Making Your Home a Safe Haven
Laying a secure foundation for children in times of uncertainty.
Posted March 18, 2020
For families in America and around the world, these are unprecedented times. People are being asked to engage in “social distancing” to help stay safe. Parents are being asked to keep children at home as schools are canceled, and restaurants, museums, stores, and other forms of entertainment are temporarily closed. As your family hunkers down, now is the time to make your home feel like a place of safety and comfort.
Here are some key considerations in laying a secure foundation for your children.
Start by Acknowledging the Issue
Parents must both acknowledge that this is a difficult time and that there may be a natural tendency for increased tension in the home. Parents and teens alike may be nervous about what’s going on in the world. Tension increases when people are nervous and many of us tend to take our frustration out on loved ones. To top it all off, people generally like their space. So, when they don’t have as much space as they’re used to, it may become an additional source of tension. That’s why now is the time to model resilience, to show flexibility, and to tap into the power and strength of family connections.
Be Intentional in Creating Peace in Your Home
When you’re stressed, it is natural to reach out and “vent” to people you love. But when modeling how to get through stressful times, you have to be intentional because there are forces that are out of your control.
Resilience is about taking control of that which you can. Take advantage of this time at home together to teach about the importance of family. Talk to your kids honestly. Say, “The world is spinning right now. For that reason, we are going to make our family and our home a safe haven. That means we’re going to go out of our way to be kinder and gentler. We’re going to draw strength from each other. We’re going to talk about how we love and care about each other. And we’re going to let those little things go that sometimes get on our nerves. We are going to create peace in our house, and we’ll get through this together.”
Model Emotions for Your Kids
Children and adolescents watch their parents’ actions closely. They may gain their sense of safety from what they witness. But it's not only our words that are meaningful. It's also the tone and body language that accompanies those words. What that means is that if you're trying to create a safe haven at home -— a calm amidst a storm -— you might need to first create a private space for yourself to express your own concerns and emotions. You do this so that when you are with your children, you can convey the calm that usually comes after you’ve let out your own feelings.
Let Teens Express Their Feelings
It’s normal for tweens and teens (adults too!) to express anger, confusion, or fear about constantly changing situations, plans being altered, or events being canceled. Remind them they are resilient – that they will make it past these challenges. Don’t belittle their emotions. Hear them out. Don’t tell them, “It’s not that bad.” Instead say, "I know this is frustrating but we’re going to get through this." Don’t say, “It’s not important to talk with your friends. There are bigger things going on!” Instead consider asking them, "How can you stay connected with your friends during this time?" Just as adults are having online work meetings, encourage your teens to stay in touch with friends and family by phone or the internet. Honor their disappointments. And let them know this situation is temporary.
This is a chance to model that emotions are good and healthy. If your kids are anxious, use this as an opportunity to hear them out and to keep in mind that anxiety may be about the unknown. If you hear them begin to catastrophize, creating the worst-case scenarios in their minds, remind them to live in the moment and gain all the information they can.
Use Information to Help Curb Anxiety
Accurate information can reduce anxious feelings. Use the time together at home as a chance to talk with your child about the importance of credible information. In times of crisis and extreme stress, there’s often disinformation and inaccurate or sensationalized hype.

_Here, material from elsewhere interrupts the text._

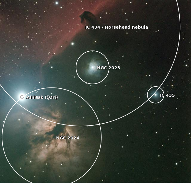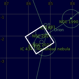 The next three images indicate the location of the Horsehead and Flame Nebulae and come from a plate solve at astrometry.net

Start a conversation by saying, "Let's find out what's accurate right now. Let's go to a source that we know we can trust." Not only will this enable you to get the information but you’ll model this lifelong protective behavior at the same time. Don’t keep your TV tuned into the news 24 hours a day. Instead, limit your check-ins to a few times a day. Consider looking at credible sources such as the CDC website, your public health website, or other local government sites.
Teach Children to Protect the Vulnerable
While you are maintaining your safe haven at home, there’s an opportunity to teach about those outside the home. We must protect the vulnerable within our communities. Work together to consider how to support those people who may need focused attention in your area. They may include the elderly, those with chronic diseases, and others.
Check in to make sure they are okay. Call them on the phone, email them, or visit them while talking outside the home. Start with the people in your neighborhood or block. Help make sure they are taken care of and well-stocked with food and medicine. If you have extra supplies, consider dropping some of them off on your neighbor’s doorstep or at a local shelter. Help your children to know that in stressful times there is nothing more powerful or protective than human connection.
In these uncertain times, thoughtfully strive to make your home feel safe and secure. This will lead to meaningful engagement together as a family now and prepare your children with a critical lesson that will serve them throughout their lives.
Remember that laughter, hope, and kindness are healing.